Wednesday, November 30, 2011
As winter arrives, and snow begins falling across much of the country, a small army of workers will spread across America’s roads, parking lots, and walkways, dumping hundreds of thousands of tons of salt. That salt will help keep people safe, but at a steep cost. Salt stresses roadside vegetation, increases roadkills, and contaminates aquifers and surface waterways. Beyond environmental impacts, salt also damages vehicles, and all of those tons of salt cost a lot of money.
In Maine, these concerns recently spurred the creation of a group called the salt management roundtable. The group is a loosely-defined set of municipal stormwater managers, public works directors, environmental consultants, regulators, and academics, all interested in finding ways to address the environmental and non-environmental consequences of salt. We’ve met several times, with a mix of structured discussions and presentations, and through those meetings I’ve all learned some interesting things.

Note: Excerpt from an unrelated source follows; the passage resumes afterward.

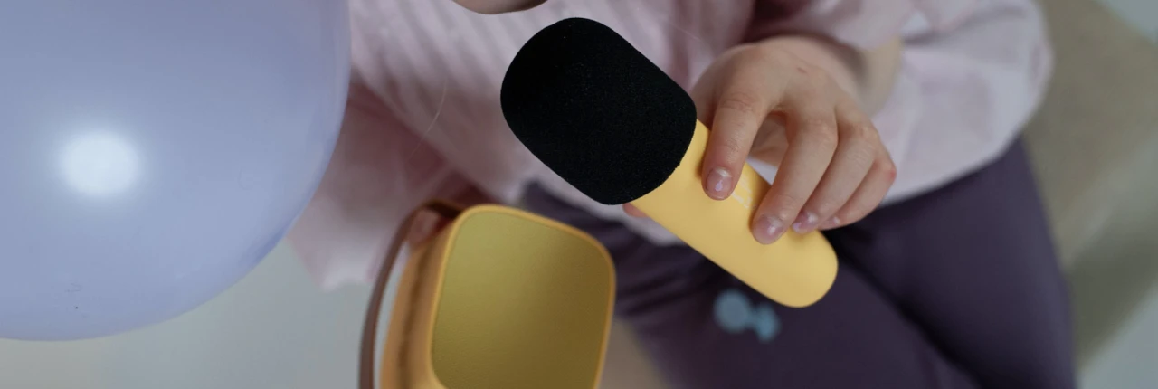 Bluetooth Karaoke Set Mikrofon és Lila hangszóró Énekeljetek és érezzétek jól magatokat bárhol és bármikor A Lalarma lila karaoke szettje minden zenét szerető gyermeknek tökéletes. A Bluetooth-kapcsolatnak köszönhetően könnyedén csatlakoztathatja okostelefonjához vagy táblagépéhez, és közvetlenül ke..

Among the highlights:
- However you measure it, salt application is a big and growing issue, even if it’s not an issue we usually hear much about. The amount of salt applied is truly enormous (see here). It all stays in the environment, and the impacts are extensive. Here in Maine, researchers have found that salt concentrations in aquifers across much of the state are steadily rising, with average concentrations eventually likely to exceed EPA water quality standards. That’s a huge problem anywhere that relies on groundwater as a drinking water source. The surface water impacts may be similarly pervasive. A UMaine Ph.D. student doing statewide water sampling recently found that impaired urban streams in Maine nearly always have elevated salt concentrations. That doesn’t mean that chloride is the cause of impairment—there are plenty of impaired urban streams in areas with less salt use—but it is at least consistent with a fear, often expressed by urban stormwater managers, that restoring urban watersheds will not be possible unless salt impacts are somehow addressed.
- There isn’t an easy answer. Simply abandoning salt would be incompatible with current public expectations for mobility and safety. Changing those expectations is theoretically possible but likely to be rather difficult. And while less toxic alternative de-icers do exist, they’re expensive. We have opportunities to reduce use, and technologies may change. But eliminating use is a very far-fetched possibility.
- Some of most intense salt users are private landowners. Municipalities apply the most salt because they are responsible for most of the paved area. But because of the financial incentives and economies of scale associated with high-volume use, municipalities can invest in sophisticated technology designed to allow strategic applications. The municipal salt trucks you see on the road probably have computer systems that help operators continually adjust to road and weather conditions. Private landowners, by contrast, have much less incentive to use those systems, and therefore often use much more salt per unit of area. If there are low-hanging fruit to be plucked, these private landowners are a particularly good opportunity.
- Law affects salt application, and not just because water quality regulation may limit salt use. Contracts also appear to make a big difference in the amount of salt applied. A contractor paid a flat sum for salt application has very different incentives from one paid for materials used. And tort law is important. Both municipal and private landowners have repeatedly expressed fears that if they use less salt, they’ll find themselves on the wrong side of a jury verdict. A recent white paper, which one of my students did most of the work of preparing, concludes that those fears, though not baseless, are probably a little overstated. But the stormwater managers I talk to still think those fears are real impediments to reductions in salt use.
Where will the group’s work go from here? I’m not sure. So far, we’ve learned from each other, gained a clearer sense of the challenge, and identified a few opportunities. But finding effective solutions is going to take much more work.
All of that leads to a pitch. I know this blog has some student readers, and some of you may be using this blog to try to identify topics for law journal comments or independent writing projects. If you’re looking to write about an important but relatively understudied environmental issue, the law of salt may provide some potentially good option.